**Your task:** Everything in the listing below except the pictures should be reproduced exactly.

**The data:**
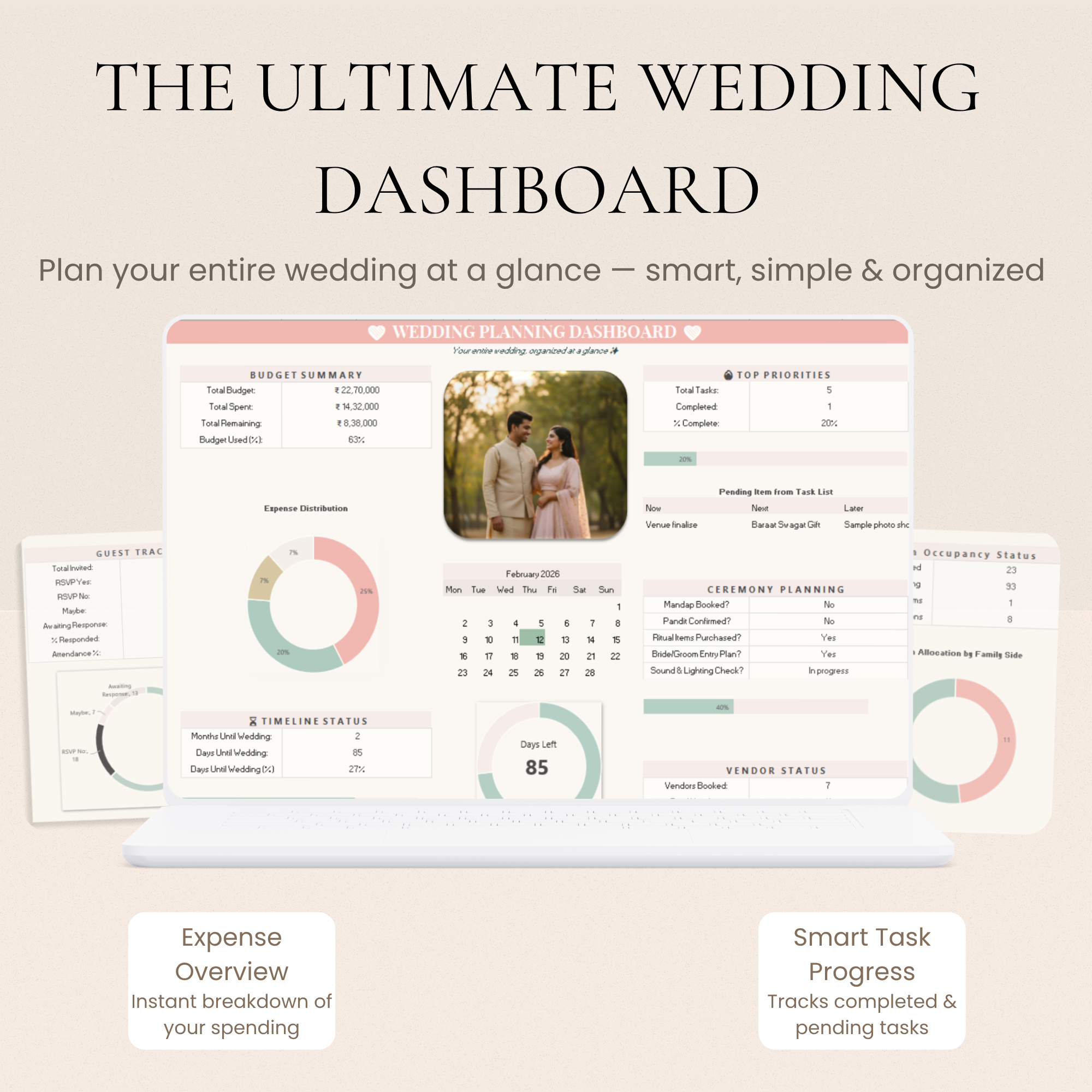 Your entire wedding at a glance — budget, tasks & guests auto-update together
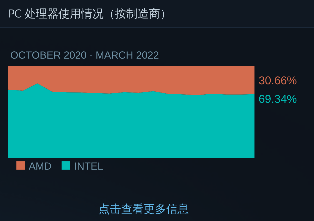 从PC处理器情况来看,使用英特尔处理器的用户仍然占据主流,占比达到69.34%,较上月增长0.59%,使用AMD处理器的用户占比为30.66%。
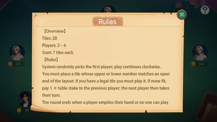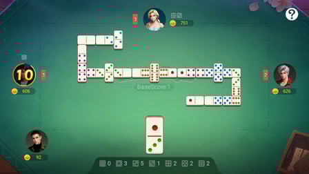 Step into the world of DominoGaple by picking your desired number of players. Each player draws 7 tiles to begin. The game starts with the first player placing a tile, and each subsequent player must place a matching tile to the current chain. If you can't play a tile, draw from the boneyard until you can. Keep your eyes on the prize — be the first to go out or have the fewest pips in a stand-off!
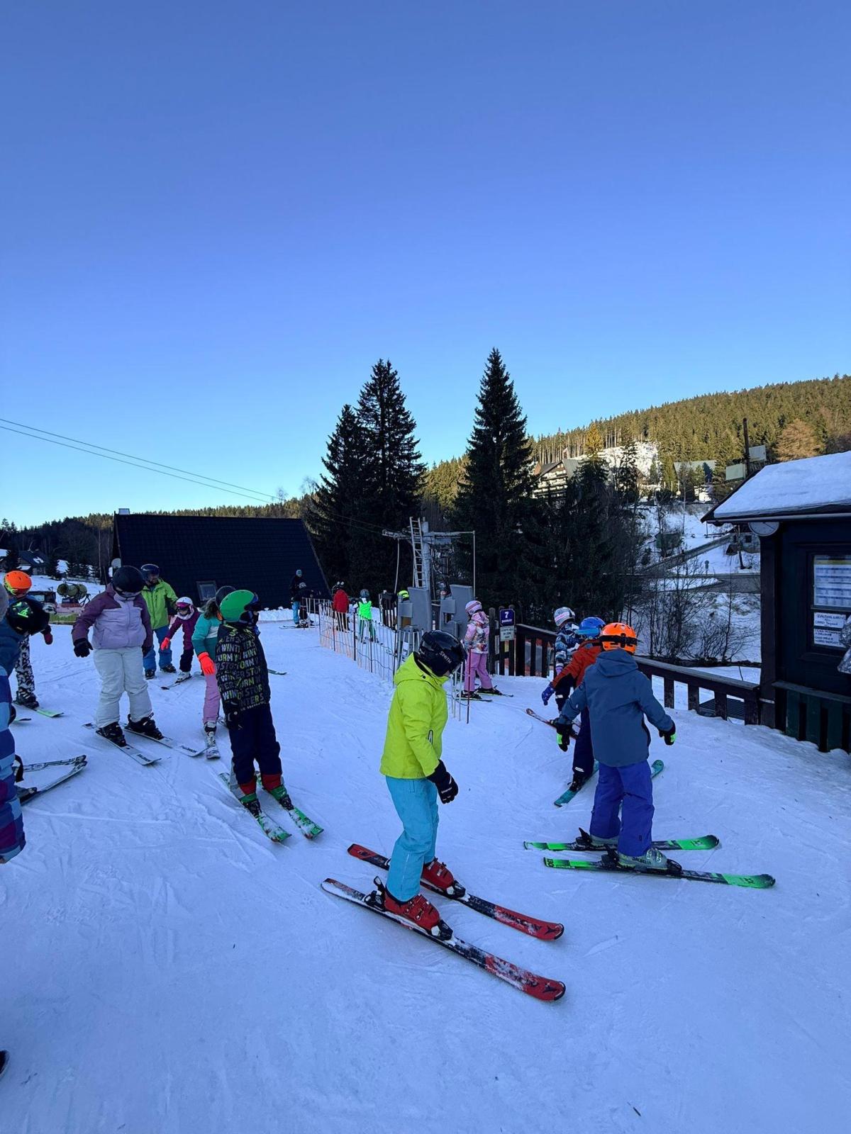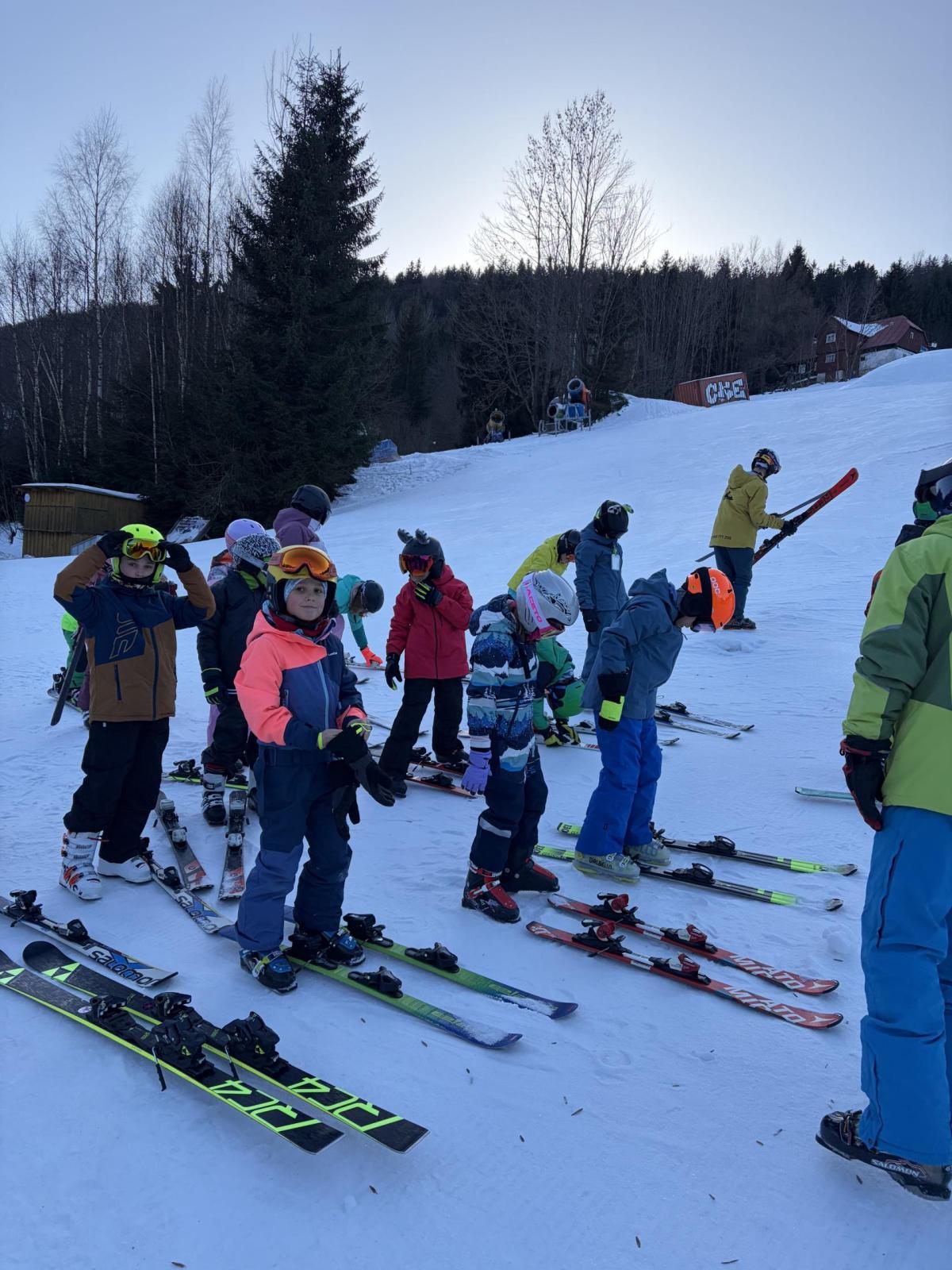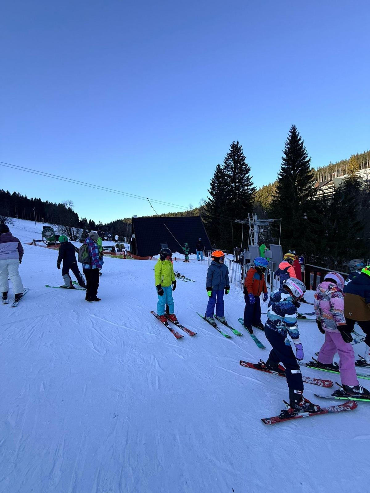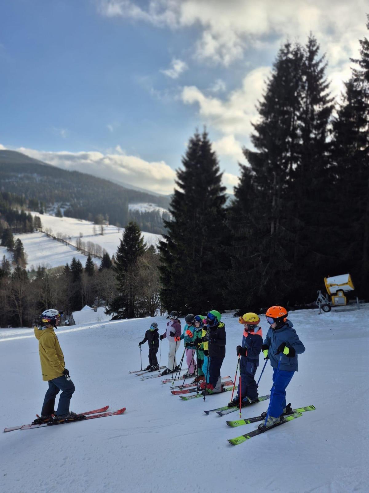 První den lyžování máme zdárně za sebou.. Dojeli jsme v pořádku, ubytovali jsme se, najedli a vyrazili ven. První lyžování jsme všichni statečně zvládli, začátečníci trénovali na mírném kopečku a pohyblivém koberci a ostatní na sjezdovce a vleku u hotelu pod dohledem instruktorů. Počasí bylo v pořádku, jsjezdovka byla místy zledovatělá, ale všichni se s tím poprali výborně. Zítra nás čeká lyžování dopoledne i odpoledne a po večeři budeme psát dopisy.
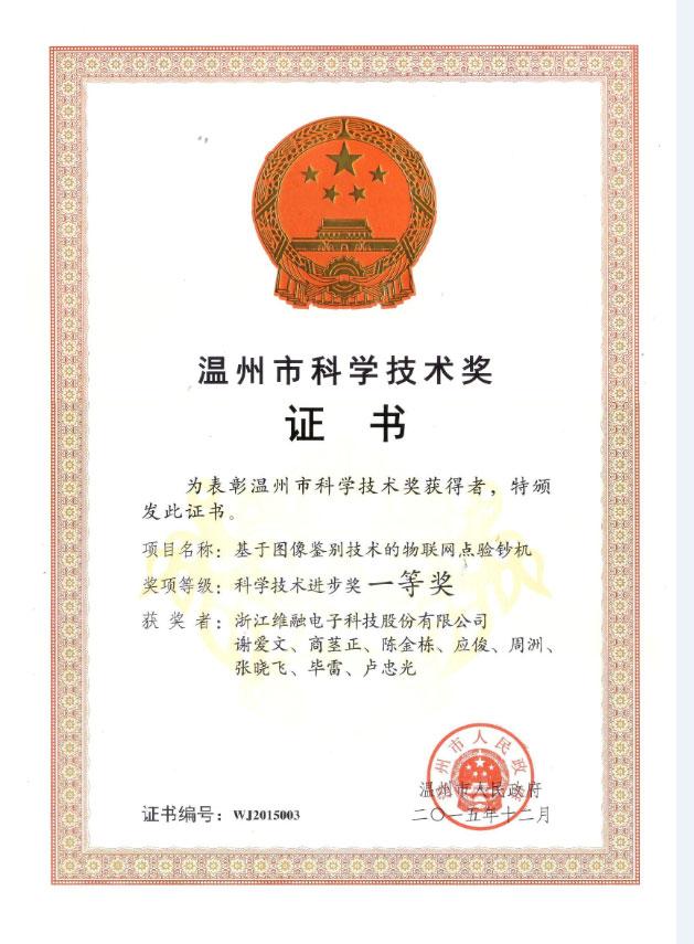 溫州市科學(xué)技術(shù)進步獎一等獎
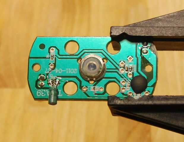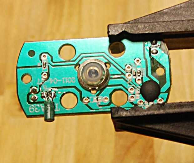 Como dije antes, la placa de circuito desde el botón fácil es agradable en que monta un interruptor de manera que se alinee bien con el botón cuando se presiona. El único problema con este circuito es que sólo tiene agujeros de soldadura conexión a un lado del interruptor. Eso significa que tendremos que idear otra forma de soldar se conecte al conmutador.
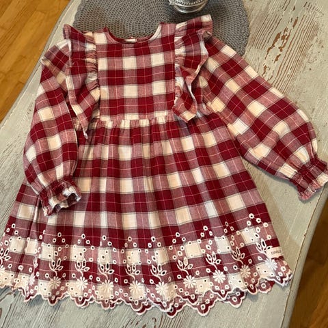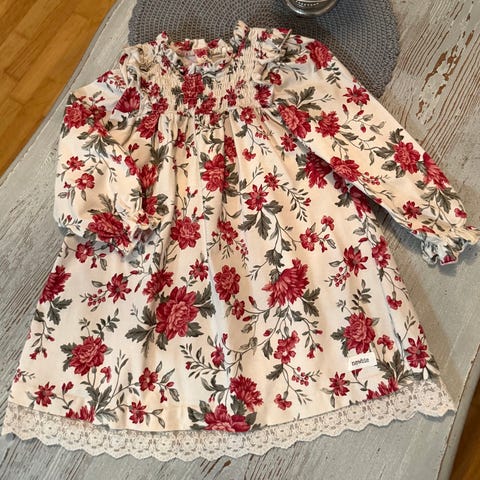 Newbie: Kukkakuvioinen mekko kokoa 98 cm. Erittäin hyväkuntoinen. Aavistus tummalle kuosille tyypillistä pesuhaitua, joka ei erotu käytössä.
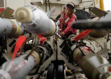 | Keywords: US Navy 060908-N-9742R-081 Aviation Ordnanceman Airman Wong Thao, of St. Paul, Minn., cleans and inspects ordnance staged in the bomb farm on the flight deck aboard the aircraft carrier USS Enterprise (CVN 65).jpg en Arabian Sea Sept 8 2006 - Aviation Ordnanceman Airman Wong Thao of St Paul Minn cleans and inspects ordnance staged in the bomb farm on the flight deck aboard the aircraft carrier USS Enterprise CVN 65 The Enterprise Carrier Strike Group and embarked Carrier Air Wing One CVW-1 are currently on a scheduled six-month deployment in support of the Global War on Terrorism For the last five consecutive days aircraft assigned to CVW-1 have provided support to International Security Assistance Force ISAF troops on the ground as part of Operations Medusa and Enduring Freedom near Kandahar Afghanistan Coordinated with coalition air forces and ISAF troops on the ground Enterprise aircraft provided close air support for ISAF troops encountering resistance from Taliban extremists in multiple locations around Kandahar Sept 6 and Sept 7 U S Navy photo by Mass Communication Specialist 2nd Class Milosz Reterski RELEASED 2006-09-08 060908-N-9742R-081 Navy http //www navy mil/view_image asp id 38954 U S Navy photo by Mass Communication Specialist 2nd Class Milosz Reterski PD-USGov-Military-Navy Aboard USS Enterprise CVN-65 Aviation Ordnanceman War in Afghanistan 2001-present related operations outside of Afghanistan Operation Medusa War in Afghanistan in 2006 |
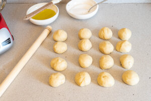 - Forma un rulo, divide en porciones de 50 g y bolea cada una de ellas suavemente.
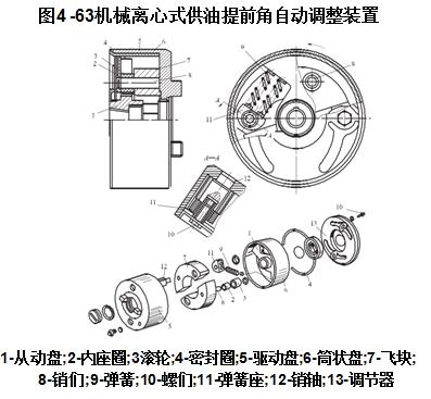 圖4 - 63所示為CA6110-2型機械離心式供油提前角自動調(diào)整裝置的結(jié)構(gòu)。

**Exercise response:**
 Your entire wedding at a glance — budget, tasks & guests auto-update together
 从PC处理器情况来看,使用英特尔处理器的用户仍然占据主流,占比达到69.34%,较上月增长0.59%,使用AMD处理器的用户占比为30.66%。
 Step into the world of DominoGaple by picking your desired number of players. Each player draws 7 tiles to begin. The game starts with the first player placing a tile, and each subsequent player must place a matching tile to the current chain. If you can't play a tile, draw from the boneyard until you can. Keep your eyes on the prize — be the first to go out or have the fewest pips in a stand-off!
 První den lyžování máme zdárně za sebou.. Dojeli jsme v pořádku, ubytovali jsme se, najedli a vyrazili ven. První lyžování jsme všichni statečně zvládli, začátečníci trénovali na mírném kopečku a pohyblivém koberci a ostatní na sjezdovce a vleku u hotelu pod dohledem instruktorů. Počasí bylo v pořádku, jsjezdovka byla místy zledovatělá, ale všichni se s tím poprali výborně. Zítra nás čeká lyžování dopoledne i odpoledne a po večeři budeme psát dopisy.
 溫州市科學(xué)技術(shù)進步獎一等獎
 Como dije antes, la placa de circuito desde el botón fácil es agradable en que monta un interruptor de manera que se alinee bien con el botón cuando se presiona. El único problema con este circuito es que sólo tiene agujeros de soldadura conexión a un lado del interruptor. Eso significa que tendremos que idear otra forma de soldar se conecte al conmutador.
 Newbie: Kukkakuvioinen mekko kokoa 98 cm. Erittäin hyväkuntoinen. Aavistus tummalle kuosille tyypillistä pesuhaitua, joka ei erotu käytössä.
 | Keywords: US Navy 060908-N-9742R-081 Aviation Ordnanceman Airman Wong Thao, of St. Paul, Minn., cleans and inspects ordnance staged in the bomb farm on the flight deck aboard the aircraft carrier USS Enterprise (CVN 65).jpg en Arabian Sea Sept 8 2006 - Aviation Ordnanceman Airman Wong Thao of St Paul Minn cleans and inspects ordnance staged in the bomb farm on the flight deck aboard the aircraft carrier USS Enterprise CVN 65 The Enterprise Carrier Strike Group and embarked Carrier Air Wing One CVW-1 are currently on a scheduled six-month deployment in support of the Global War on Terrorism For the last five consecutive days aircraft assigned to CVW-1 have provided support to International Security Assistance Force ISAF troops on the ground as part of Operations Medusa and Enduring Freedom near Kandahar Afghanistan Coordinated with coalition air forces and ISAF troops on the ground Enterprise aircraft provided close air support for ISAF troops encountering resistance from Taliban extremists in multiple locations around Kandahar Sept 6 and Sept 7 U S Navy photo by Mass Communication Specialist 2nd Class Milosz Reterski RELEASED 2006-09-08 060908-N-9742R-081 Navy http //www navy mil/view_image asp id 38954 U S Navy photo by Mass Communication Specialist 2nd Class Milosz Reterski PD-USGov-Military-Navy Aboard USS Enterprise CVN-65 Aviation Ordnanceman War in Afghanistan 2001-present related operations outside of Afghanistan Operation Medusa War in Afghanistan in 2006 |
 - Forma un rulo, divide en porciones de 50 g y bolea cada una de ellas suavemente.
 圖4 - 63所示為CA6110-2型機械離心式供油提前角自動調(diào)整裝置的結(jié)構(gòu)。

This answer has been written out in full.